(MATERIAL SUPPLIED begins)

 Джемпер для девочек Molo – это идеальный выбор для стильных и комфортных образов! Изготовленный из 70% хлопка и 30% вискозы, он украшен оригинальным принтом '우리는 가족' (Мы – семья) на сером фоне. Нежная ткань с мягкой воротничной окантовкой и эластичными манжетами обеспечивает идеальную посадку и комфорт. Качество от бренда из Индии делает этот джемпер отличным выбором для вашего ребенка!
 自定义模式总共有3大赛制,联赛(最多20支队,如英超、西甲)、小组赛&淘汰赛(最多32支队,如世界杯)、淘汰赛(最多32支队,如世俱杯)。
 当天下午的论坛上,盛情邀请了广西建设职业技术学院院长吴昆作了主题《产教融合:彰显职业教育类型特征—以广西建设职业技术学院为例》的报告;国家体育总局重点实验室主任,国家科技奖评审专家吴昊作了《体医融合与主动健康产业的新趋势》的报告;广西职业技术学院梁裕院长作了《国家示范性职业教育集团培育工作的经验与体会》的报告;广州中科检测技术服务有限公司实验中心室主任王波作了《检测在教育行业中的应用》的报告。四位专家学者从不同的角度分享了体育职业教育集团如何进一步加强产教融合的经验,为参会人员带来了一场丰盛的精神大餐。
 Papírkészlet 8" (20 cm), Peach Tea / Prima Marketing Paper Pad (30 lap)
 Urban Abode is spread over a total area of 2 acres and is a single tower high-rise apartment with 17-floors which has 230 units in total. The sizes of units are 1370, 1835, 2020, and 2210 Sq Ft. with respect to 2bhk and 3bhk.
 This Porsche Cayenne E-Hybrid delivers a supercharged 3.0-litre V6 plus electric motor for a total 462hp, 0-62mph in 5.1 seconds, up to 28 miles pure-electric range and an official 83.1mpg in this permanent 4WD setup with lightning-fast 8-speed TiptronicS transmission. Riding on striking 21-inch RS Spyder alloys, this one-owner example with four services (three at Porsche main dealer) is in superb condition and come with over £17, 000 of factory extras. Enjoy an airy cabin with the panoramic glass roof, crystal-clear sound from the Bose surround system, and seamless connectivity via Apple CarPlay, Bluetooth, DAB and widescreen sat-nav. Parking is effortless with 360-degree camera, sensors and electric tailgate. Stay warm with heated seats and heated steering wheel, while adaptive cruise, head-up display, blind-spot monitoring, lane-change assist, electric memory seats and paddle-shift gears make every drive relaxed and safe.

(MATERIAL SUPPLIED ends)
(MATERIAL SUPPLIED begins)

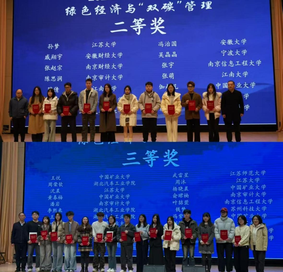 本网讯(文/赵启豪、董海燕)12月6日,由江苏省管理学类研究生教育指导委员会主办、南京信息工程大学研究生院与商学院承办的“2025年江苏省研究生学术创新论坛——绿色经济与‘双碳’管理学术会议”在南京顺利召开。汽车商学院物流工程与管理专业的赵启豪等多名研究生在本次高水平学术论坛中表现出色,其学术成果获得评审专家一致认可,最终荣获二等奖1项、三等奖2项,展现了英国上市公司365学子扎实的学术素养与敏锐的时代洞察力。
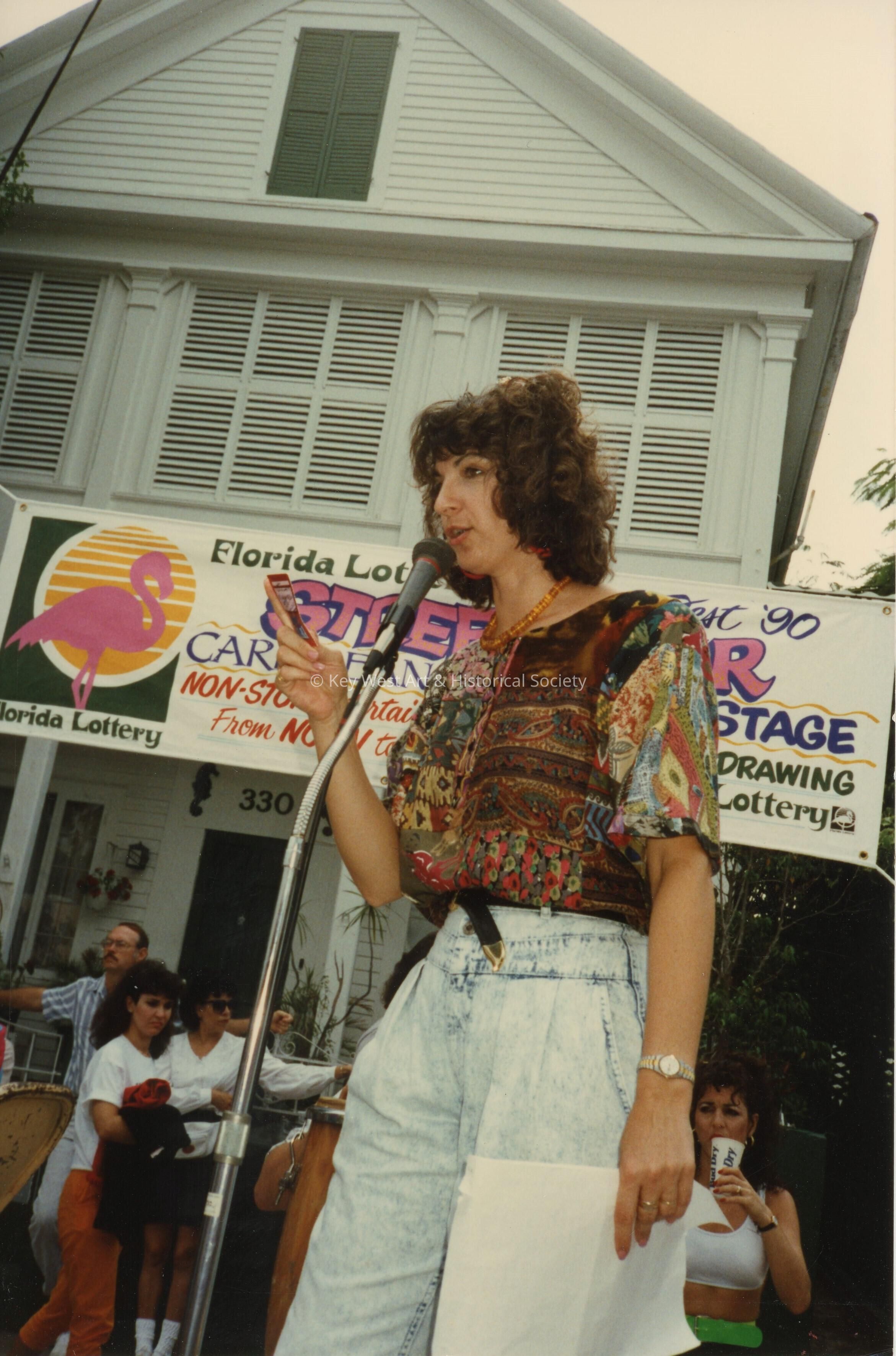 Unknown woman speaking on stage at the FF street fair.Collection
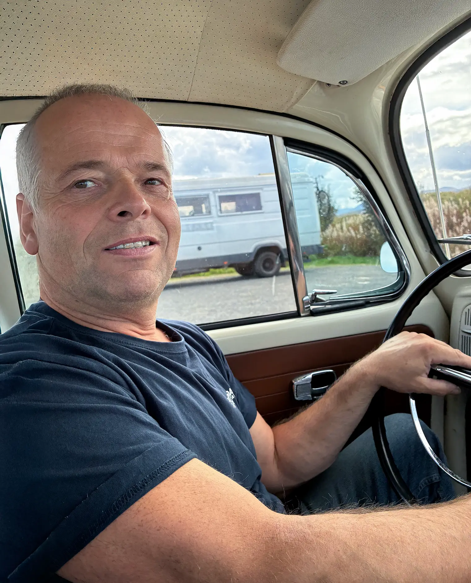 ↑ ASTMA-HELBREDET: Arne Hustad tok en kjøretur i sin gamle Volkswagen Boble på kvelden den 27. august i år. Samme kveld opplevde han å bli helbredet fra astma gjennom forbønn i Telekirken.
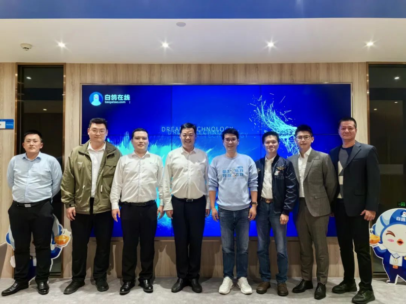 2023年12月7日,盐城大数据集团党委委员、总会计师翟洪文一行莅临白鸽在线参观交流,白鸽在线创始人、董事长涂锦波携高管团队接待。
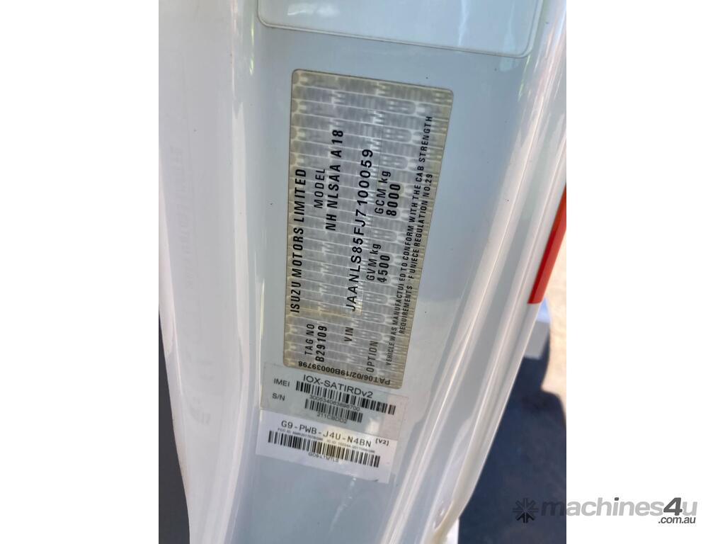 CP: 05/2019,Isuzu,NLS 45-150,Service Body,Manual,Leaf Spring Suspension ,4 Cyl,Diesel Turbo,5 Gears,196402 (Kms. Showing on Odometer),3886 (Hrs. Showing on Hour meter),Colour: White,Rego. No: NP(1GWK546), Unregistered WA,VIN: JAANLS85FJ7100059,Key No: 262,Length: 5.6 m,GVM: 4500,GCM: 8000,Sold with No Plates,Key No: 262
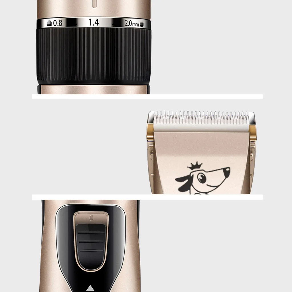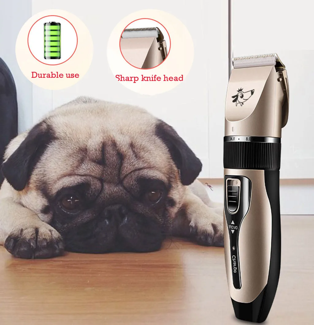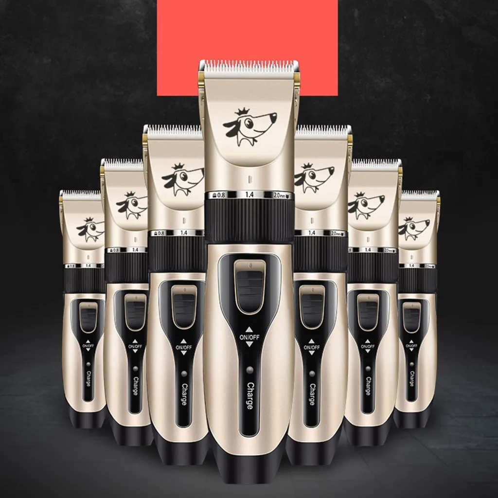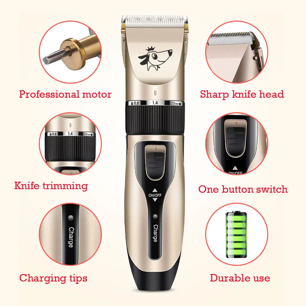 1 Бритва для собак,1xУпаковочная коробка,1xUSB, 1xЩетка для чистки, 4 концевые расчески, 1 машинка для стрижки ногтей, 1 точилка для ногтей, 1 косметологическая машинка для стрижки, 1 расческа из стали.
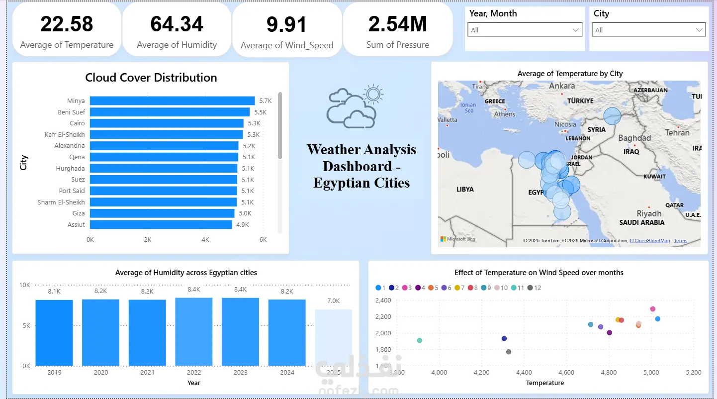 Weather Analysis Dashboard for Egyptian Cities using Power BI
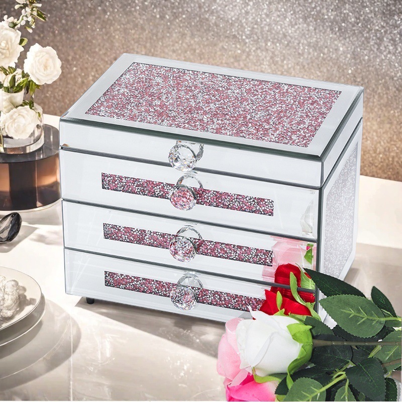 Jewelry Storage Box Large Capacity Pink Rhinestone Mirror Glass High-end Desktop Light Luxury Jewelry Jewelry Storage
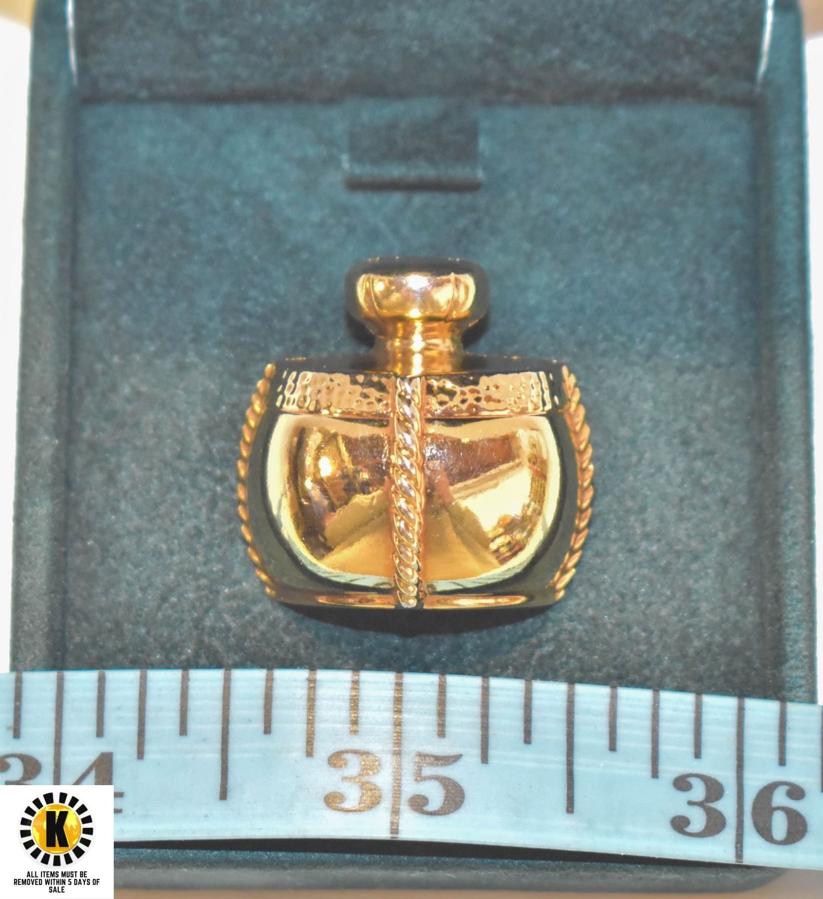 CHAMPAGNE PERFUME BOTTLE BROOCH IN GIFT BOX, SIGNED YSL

(MATERIAL SUPPLIED ends)
(MATERIAL SUPPLIED begins)

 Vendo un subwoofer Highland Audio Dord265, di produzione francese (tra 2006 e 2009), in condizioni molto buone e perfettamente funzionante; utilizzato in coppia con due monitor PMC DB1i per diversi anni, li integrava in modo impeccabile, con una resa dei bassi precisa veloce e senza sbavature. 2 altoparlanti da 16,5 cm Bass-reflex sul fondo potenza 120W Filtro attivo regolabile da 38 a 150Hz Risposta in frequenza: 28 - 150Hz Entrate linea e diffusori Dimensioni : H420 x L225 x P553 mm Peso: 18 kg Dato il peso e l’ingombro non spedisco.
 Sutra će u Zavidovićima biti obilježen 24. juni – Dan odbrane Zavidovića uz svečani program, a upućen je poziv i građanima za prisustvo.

(MATERIAL SUPPLIED ends)

**PROBLEM REQUIREMENTS:** Only the lines above from the one with "Джемпер для девочек" through the one with "自定义模式总共有3大赛制,联" should be duplicated, character for character.

**WRITTEN RESPONSE:**
 Джемпер для девочек Molo – это идеальный выбор для стильных и комфортных образов! Изготовленный из 70% хлопка и 30% вискозы, он украшен оригинальным принтом '우리는 가족' (Мы – семья) на сером фоне. Нежная ткань с мягкой воротничной окантовкой и эластичными манжетами обеспечивает идеальную посадку и комфорт. Качество от бренда из Индии делает этот джемпер отличным выбором для вашего ребенка!
 自定义模式总共有3大赛制,联赛(最多20支队,如英超、西甲)、小组赛&淘汰赛(最多32支队,如世界杯)、淘汰赛(最多32支队,如世俱杯)。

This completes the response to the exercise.